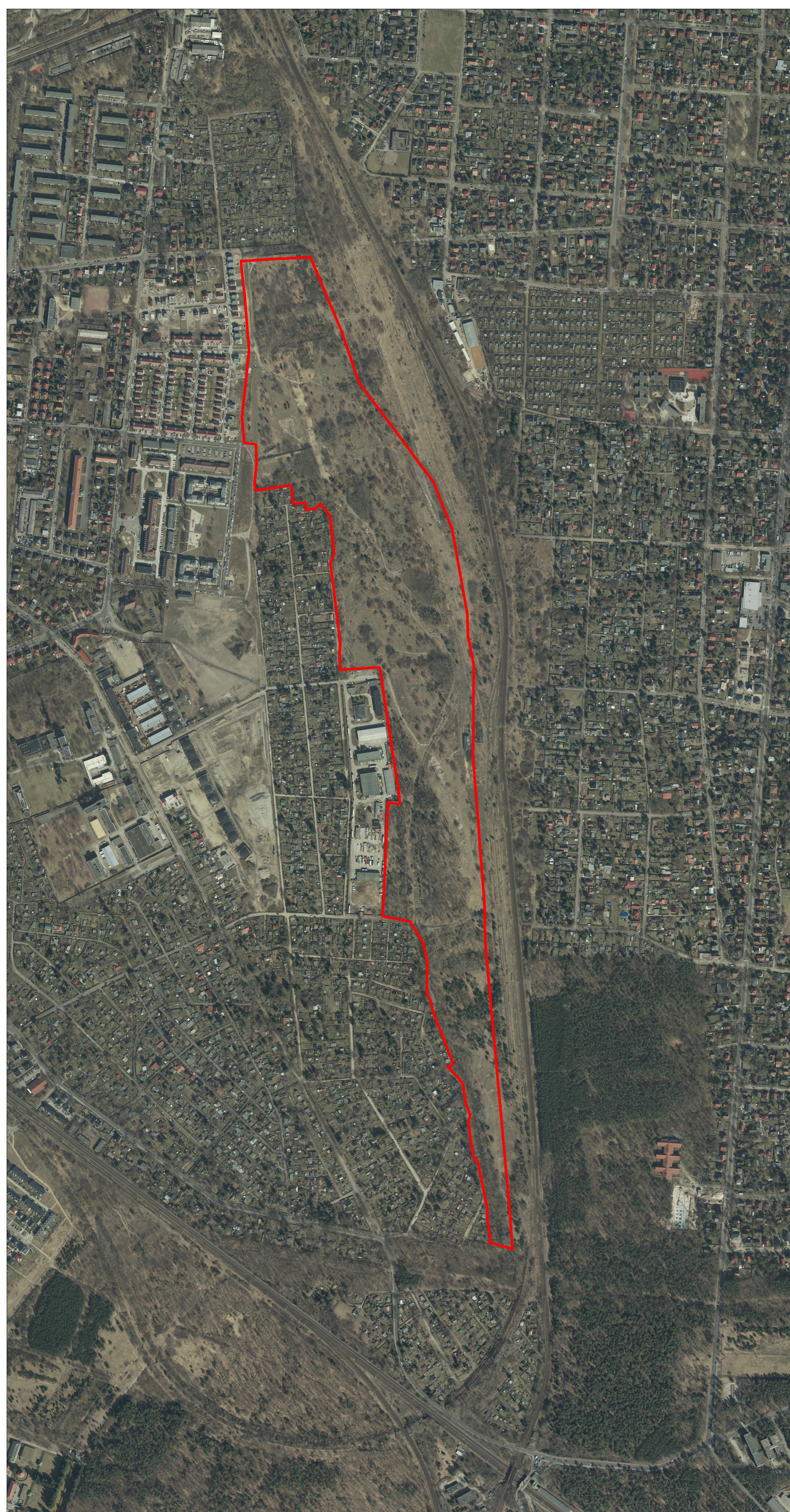
Ausschnitt aus der Luftbildkarte Stand 2019
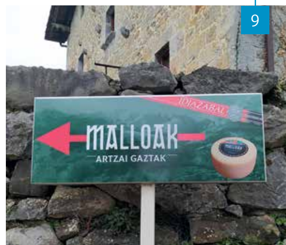
Herri sarreran ikus daitekeen kartela.

Hemen inguruan badira artzaintzan zertxobait aritzen diren gazte batzuk. Niri harritu nauena da Artzai Gazta eta horrelako bileretan edo bilera orokorretan jende gazte asko
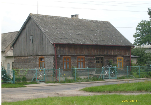
Drewniany dom z połowy XIX w.
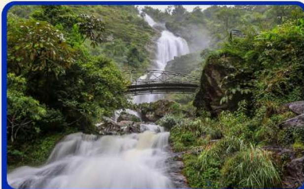
น้ำตกสีเงิน (Silver Water Fall )
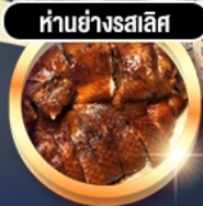
हांอย่างสลิส
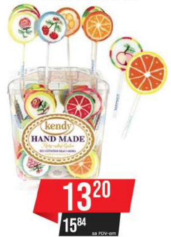
KENDY LIZALICA 8G
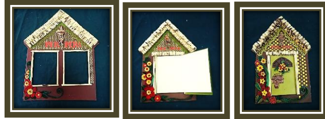
مجموعة المشغولات رقم (4)
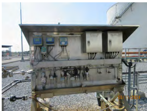
ภาพที่ 2-19 เครื่องตรวจวัดคุณภาพน้ำแบบอัตโนมัติ บริเวณบ่อพักน้ำทิ้ง
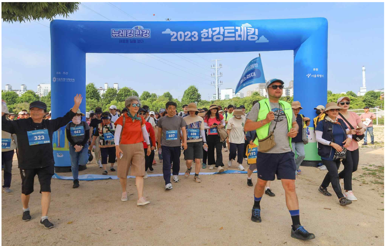
한강트레킹에 참여한 시민들
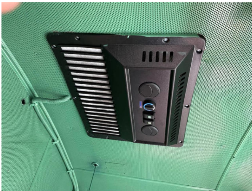
Zdjęcie 1 – Klimatyzacja

Załącznik nr 3 - Zdjęcia podzespołów, w które wyposażone są nasze lokomotywy serii BR231

◆ ◆ ◆ ◆ ◆

* Task directions *
When you copy the data, keep every line exact and leave out each picture.

* Response area *
Ausschnitt aus der Luftbildkarte Stand 2019
Herri sarreran ikus daitekeen kartela.

Hemen inguruan badira artzaintzan zertxobait aritzen diren gazte batzuk. Niri harritu nauena da Artzai Gazta eta horrelako bileretan edo bilera orokorretan jende gazte asko
Drewniany dom z połowy XIX w.
น้ำตกสีเงิน (Silver Water Fall )
हांอย่างสลิส
KENDY LIZALICA 8G
مجموعة المشغولات رقم (4)
ภาพที่ 2-19 เครื่องตรวจวัดคุณภาพน้ำแบบอัตโนมัติ บริเวณบ่อพักน้ำทิ้ง
한강트레킹에 참여한 시민들
Zdjęcie 1 – Klimatyzacja

Załącznik nr 3 - Zdjęcia podzespołów, w które wyposażone są nasze lokomotywy serii BR231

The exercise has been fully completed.